The ECE/CIS Joint Laboratory radiates from the central facilities center in Evans Hall. The computer datacenter is housed in a 1100 square feet area with raised floors and temperature/humidity controlled environment. Uninterruptible Power System’s and environmental/security monitoring help protect and maintain the systems housed there. The center connects together an extensive network of approximately 2000 ECE/CIS computers and other more specialized research facilities.

The center in Evans Hall houses all the server, file storage, and networking facilities central to ECE/CIS research needs. It contains a centralized storage and backup (SAN) disk subsystem; a 10-Gigabit Ethernet Network with internal and external connectivity that provides high performance, security, and monitoring; Wireless networks are deployed in all of the ECE/CIS buildings to aid in roaming and conference settings.

The central facility provides access to a number of other specialized facilities in the ECE/CIS lab, running Solaris_x86, Linux, Windows, and MacOS. They include:

  • Research SiCortex mini-Cluster systems providing distributed software research in a single computer chassis. Leveraging MIPS core processors in embedded systems, the SiCortex systems appear to the software as a distributed cluster while using the electrical power of a typical workstation.
  • Sun/Oracle ZFS Storage Server with 96 TB of disk space serving client machines and user file space,
  • Sun/Oracle ZFS Storage Server with 128 TB of disk space serving online client and server data backup,
  • 10 Penguin/Dell/Sun Multi-CPU Servers, with upwards of 64x CPU cores and 128 GB of RAM per system, serving computational needs,
  • 6 Penguin/Dell/Sun Multi-CPU Servers with Virtual Machine (VM) Support, providing over 100 VMs for a wide-range of system needs.
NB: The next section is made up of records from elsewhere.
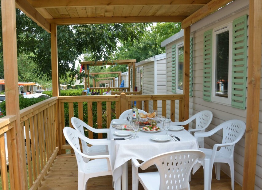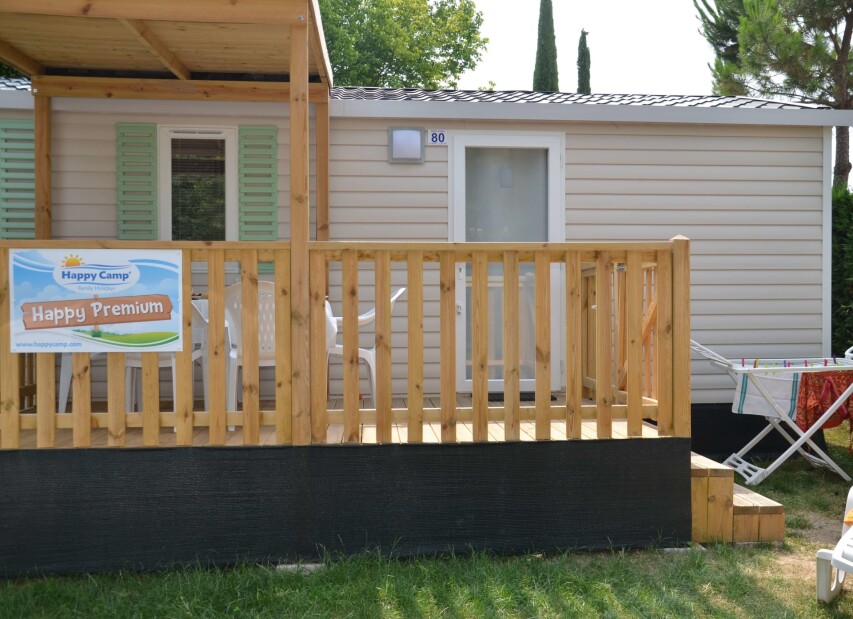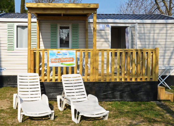 Mobilhomy jsou moderně vybavené, prostorné a světlé, všechny mají vlastní sociální zařízení, klimatizaci (za poplatek), barbecue nebo elektrický gril a venkovní posezení. Mobilhomy Superior mají navíc druhé sociální zařízení, fén, mikrovlnnou troubu a závěsné křeslo na terase. Pro každé ubytování je vyhrazeno jedno parkovací místo.
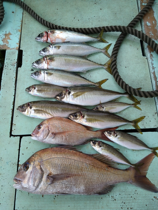 (マサバ)40~45cm 合計4匹 タイ 40~61cm 合計2匹 アジ 26~45cm 合計7匹 ありがとうございました!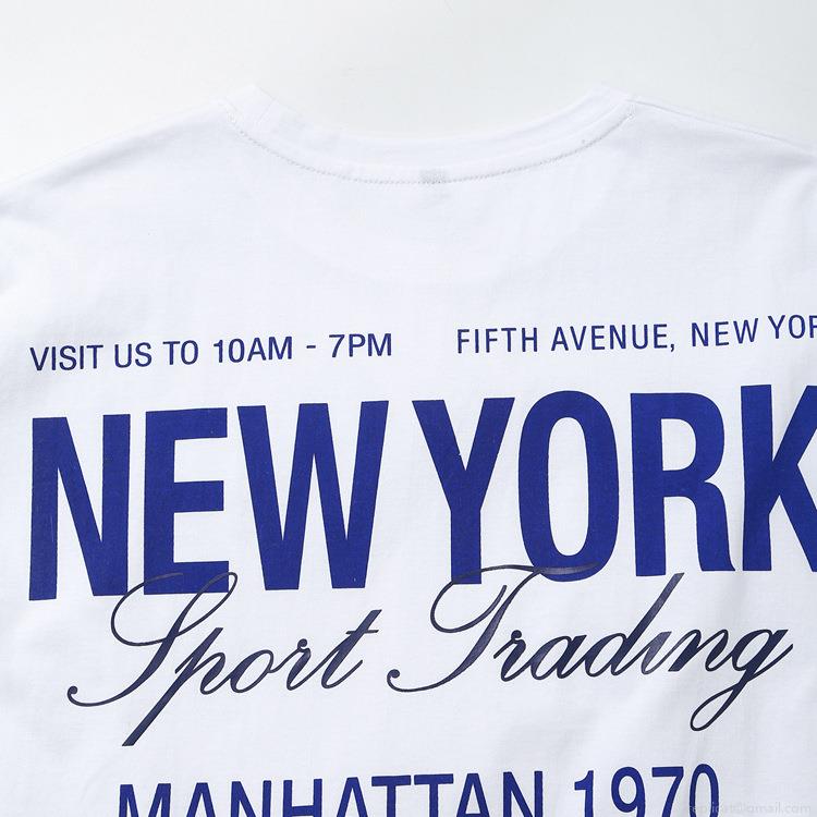 Women's Casual Cotton Blend T-Shirt Vintage New York Letter Print Short Sleeve Round Neck Loose Streetwear Tee Top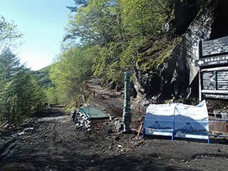 この先の夏道登山道はしばらく雪がありませんでした。ま、岩がごつごつでテレマークのプラブーツでは登りにくいですが(^^;。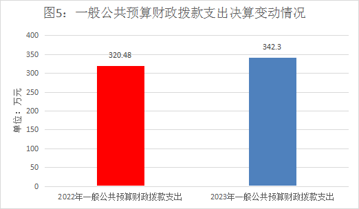 2023年度一般公共预算财政拨款支出342.3万元,占本年支出合计的100%。与2022年度相比,一般公共预算财政拨款支出增加21.82万元,增长6.8%。主要变动原因是人员经费支出增加。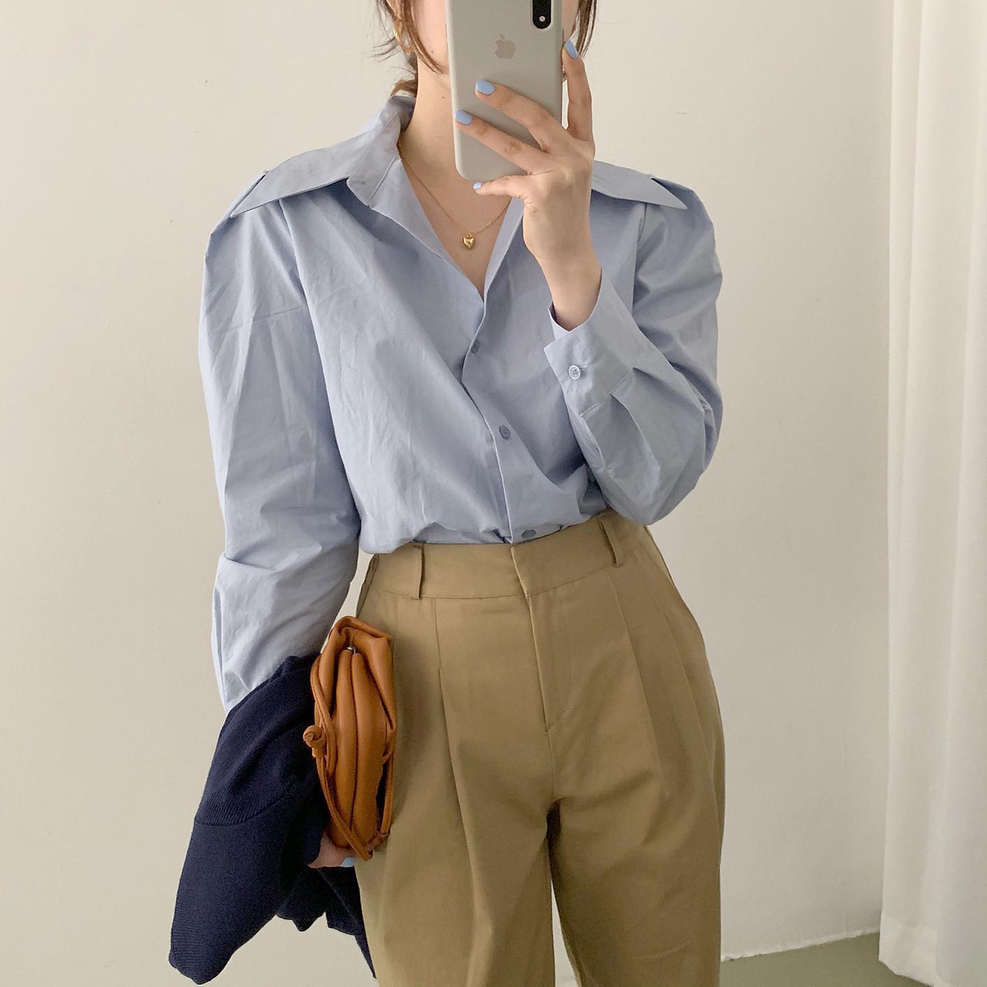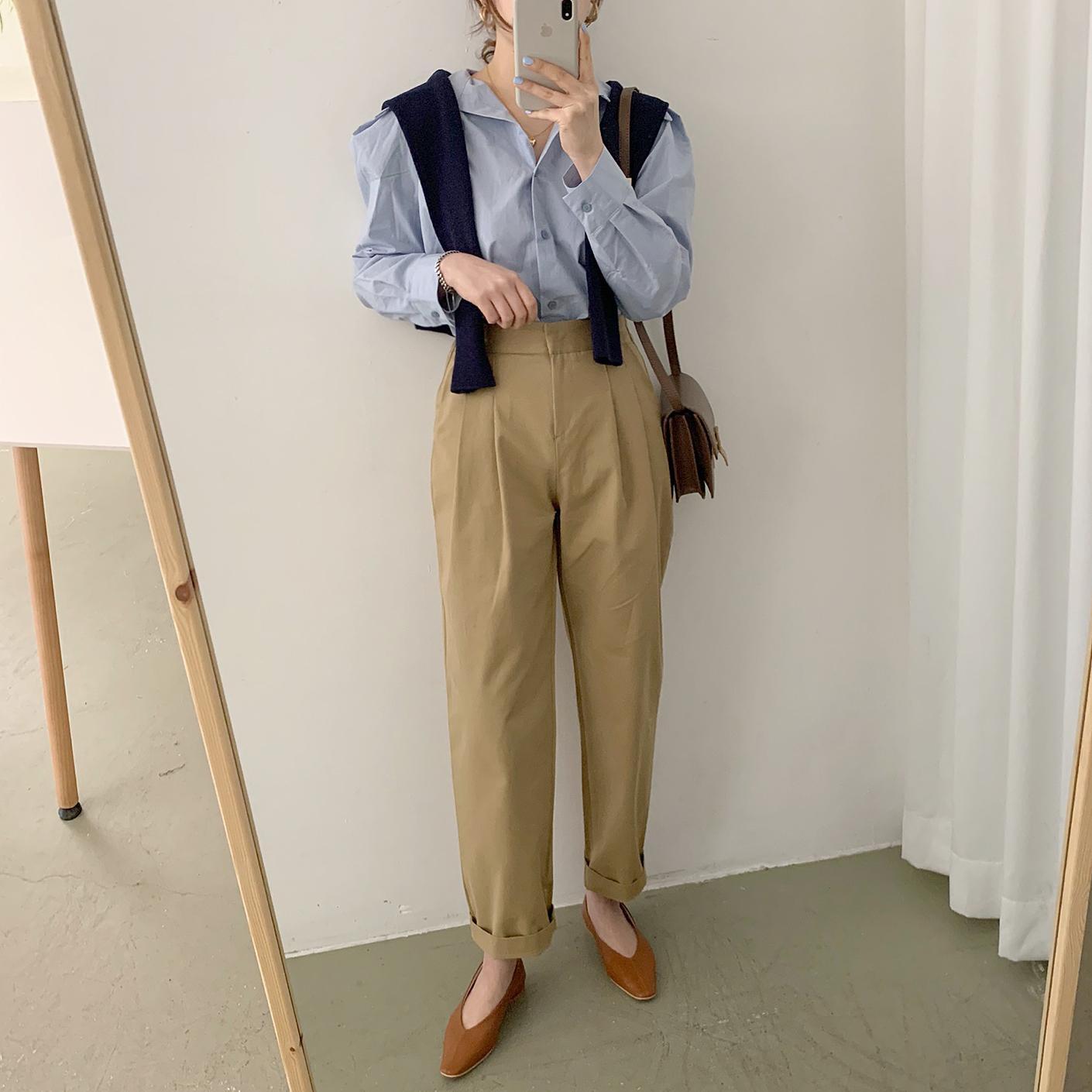 オータムスリーブシャツ スタンダードハイウェストウェスト レトロ 秋物 韓国婦人1229236091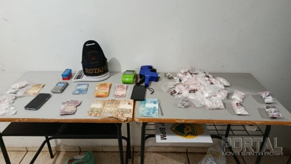 Uma ação realizada na noite de sexta-feira (02) resultou na apreensão de grande quantidade de entorpecentes, dinheiro, veículos e equipamentos utilizados em um esquema de distribuição de drogas em Toledo, no bairro Jardim Panorama II.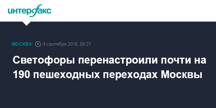 Москва. 4 сентября. INTERFAX.RU - Режим работы светофоров изменили еще на 59 пешеходных переходах столицы, сообщил заместитель мэра Москвы Максим Ликсутов.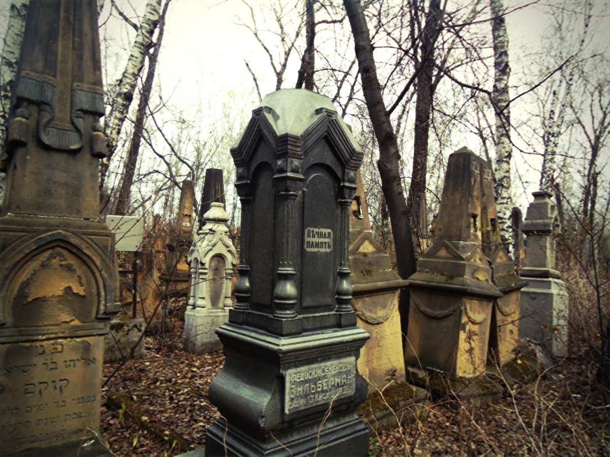 Мы сегодня пойдём в ту часть, которая огорожена оградой из песчанника. Точно помню, что ставил её ещё купец Файнберг, когда похоронил здесь сына... Помню, что мы раз прибирались у себя, а потом увидели сторожа и напросились на еврейское кладбище. Да, напомню, что евреи куда практичнее поступают, чем мы, православные, ибо они не тревожат своих мёртвых, носят им не груды пластиковых цветов (сейчас, конечно, всё смешалось уже), а камни. Очень практично! - мне, как человеку, ухаживающего за десятком могил, это кажется черезвычайно разумным, если честно...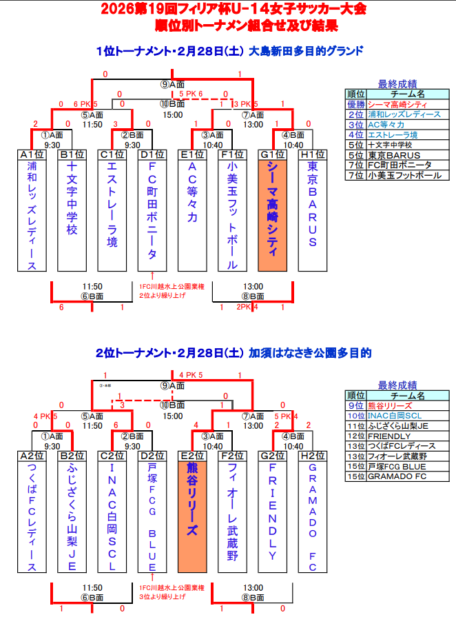 順位別トーナメント戦:8チーム5グループによるトーナメント戦を行い、各グループの順位及び全順位を決定する。

For more information about the CIS/ECE support initiative including activities, help desk, and facilities, visit EECIS website.

University:

The ECE/CIS Department also makes use of University-wide Facilities in its research and instructional programs. Many under-class Undergraduate instructional computing is done on University-wide facilities, though the Department also maintains a separate Academic network for specialized instruction.

The University of Delaware is a member of the MAGPI-Internet2 project and has a 5-to-10Gbps connection from Campus to this new nationwide network research vehicle running at speeds up to 100Gbps.

In early 2012, the Campus upgraded its redundant Internet links to Dense Wavelength Division Multiplexed technology. The links can support multiple 10Gbps circuits and co-locates with the State of Delaware to a high-speed ISP in Philadelphia PA. At the same time, the Department upgraded its router with campus to support multiple 10Gigabit Ethernet links.